For regular relational operators, see bc.rel. 
 
bc.b(x, y, op, ...)
## S4 method for signature 'ANY'
bc.b(x, y, op)
x, y | 
 conformable arrays of type   | 
op | 
 a single string, giving the operator.   | 
... | 
 further arguments passed to or from methods.   | 
bc.b() efficiently casts the input to logical. 
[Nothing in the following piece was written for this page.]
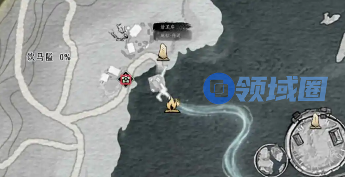 任务条件:詹解锁河西区域后,抵达饮马隘附近有概率触发任务。任务地点:1饮马隘界碑左下方。

Since the input is treated as logical, the following equalities hold for bc.b():
 "==" is equivalent to (x & y) | (!x & !y), but faster;
 "!=" is equivalent to xor(x, y);
 "<" is equivalent to (!x & y), but faster;
 ">" is equivalent to (x & !y), but faster;
 "<=" is equivalent to (!x & y) | (y == x), but faster;
 ">=" is equivalent to (x & !y) | (y == x), but faster. 
 
A logical array as a result of the broadcasted Boolean operation. 
 
broadcast_operators 
x.dim <- c(4:2)
x.len <- prod(x.dim)
x.data <- sample(c(TRUE, FALSE, NA), x.len, TRUE)
x <- array(x.data, x.dim)
y <- array(1:50, c(4,1,1))
bc.b(x, y, "&")
bc.b(x, y, "|")
bc.b(x, y, "xor")
bc.b(x, y, "nand")
bc.b(x, y, "==")
bc.b(x, y, "!=")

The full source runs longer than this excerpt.